To the extent that Elon Musk’s Master Plan gives individuals control over their access to energy and helps to break peoples’ reliance on massive polluting fossil fuel power plants, wars for oil and massive nuclear energy plants with their toxic nuclear waste storage menace, I think he is doing what should have been the governments’ work.
Of course his Master Plan includes leasing the solar panels and wall batteries and in that sense his company could become another oligopoly. But at least he seems to care about trying to solve the big problems at a time that government seems hamstrung.
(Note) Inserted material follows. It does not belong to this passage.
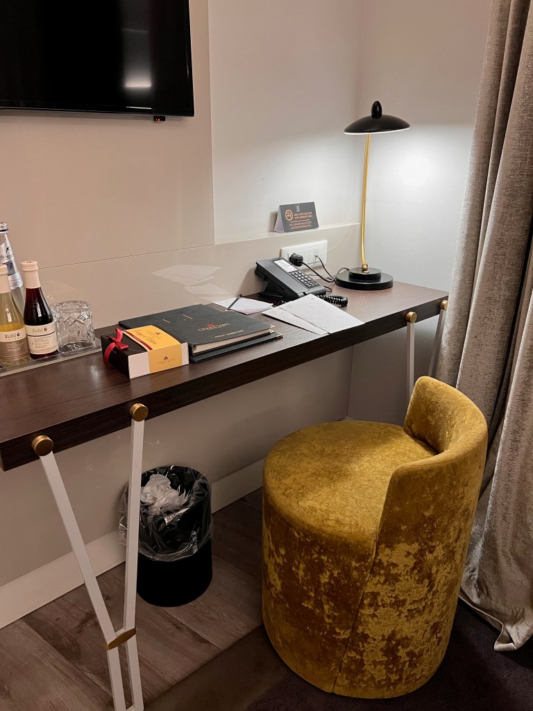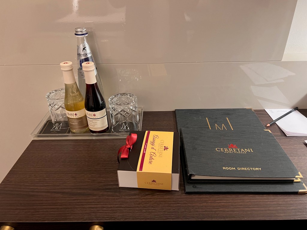 Despite having over 500 channels showing on the 40″ LED TV mounted on the wall across from the bed, there are limited English entertainment options as most of the channels on the TV are Italian channels. Even the Nationa Geographic Channels on the TV are in Italian. We had a hard time scrolling through the channels, looking for a channel we could comprehend, and eventually giving up. A minimalistic work desk is found placed by the wall beneath the TV. There is not much space on the work desk for one to do any proper work, at the very best, it will fit one 14″ laptop and one file. The cluttering with items like drinks, glasses, a telephone, the hotel directory, and a reading lamp made the space available for work even more limited. The velvety-wrapped chair the hotel used to furnish the work desk looks elegant but impractically designed. The chair is uncomfortable to sit on, and the low backrest also makes one’s back ache after sitting for less than 30 mins. It seems like Hotel Cerretani Firenze wants its guests to relax and enjoy their time in Florence rather than spend time working in the hotel.

Had Bernie won, I think we would have seen a shift towards sustainability. Hopefully the young people he energized and the democratic benefits of the Internet wrt communication hold out some hope.
correct – public funded.
BUT, Musk’s Space X paid an acceptable sum of money to the US Gov. for the use of the launch site. In the event the public feels the amount of money was not sufficient then it should say so. But as usual with the American public they can’t be bothered when, “It Will Last My Time” syndrome appears on the scene. A good example is the circus of the one party two wings political outdated system making the rounds for the past year. And what a circus it is but the Americans let it happen.
Humanity should not allow rich people to piggy back on publicly funded research on publicly funded launch sites.
How many law watt bulbs will it take to cancel out this piggy polluter’s pyre?